강의 계획표 - 이 강좌에서 배울 내용
Introduction to TensorFlow.js
Welcome to Browser-based Models with TensorFlow.js, the first course of the TensorFlow for Data and Deployment Specialization. In this first course, we’re going to look at how to train machine learning models in the browser and how to use them to perform inference using JavaScript. This will allow you to use machine learning directly in the browser as well as on backend servers like Node.js. In the first week of the course, we are going to build some basic models using JavaScript and we'll execute them in simple web pages.
Image Classification In the Browser
This week we'll look at Computer Vision problems, including some of the unique considerations when using JavaScript, such as handling thousands of images for training. By the end of this module you will know how to build a site that lets you draw in the browser and recognizes your handwritten digits!
Converting Models to JSON Format
This week we'll see how to take models that have been created with TensorFlow in Python and convert them to JSON format so that they can run in the browser using Javascript.

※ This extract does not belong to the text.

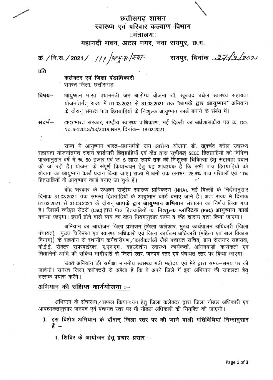 रायपुर 28फरवरी 2021 – प्रदेश में अब 01 मार्च से आयुष्मान कार्ड (प्रधानमंत्री जन आरोग्य योजना) बनने जा रहे है। इस कार्ड को दिखाते ही राज्य के अनुबंधित सरकारी एवं प्राइवेट हॉस्पिटल में शतप्रतिशत निःशुल्क इलाज मिलेगा। 01 मार्च से 31 मार्च 2021 तक प्रदेश के चॉइस सेंटर में निःशुल्क कार्ड बनाये जायेंगे। 25 फरवरी 2021 को आयुष्मान भारत प्रधानमंत्री जन आरोग्य डॉ. खूबचंद बघेल स्वास्थ्य सहायता योजना की राज्य नोडल एजेंसी ने इससे सम्बंधित गाइडलाइन सभी सीएमएचओ को जारी कर दिए है।

We will start by looking at two models that have already been pre-converted. One of them is going to be a toxicity classifier, which uses NLP to determine if a phrase is toxic in a number of categories; the other one is Mobilenet which can be used to detect content in images. By the end of this module, you will train a model in Python yourself and convert it to JSON format using the tensorflow.js converter.
Transfer Learning with Pre-Trained Models
One final work type that you'll need when creating Machine Learned applications in the browser is to understand how transfer learning works. This week you'll build a complete web site that uses TensorFlow.js, capturing data from the web cam, and re-training mobilenet to recognize Rock, Paper and Scissors gestures.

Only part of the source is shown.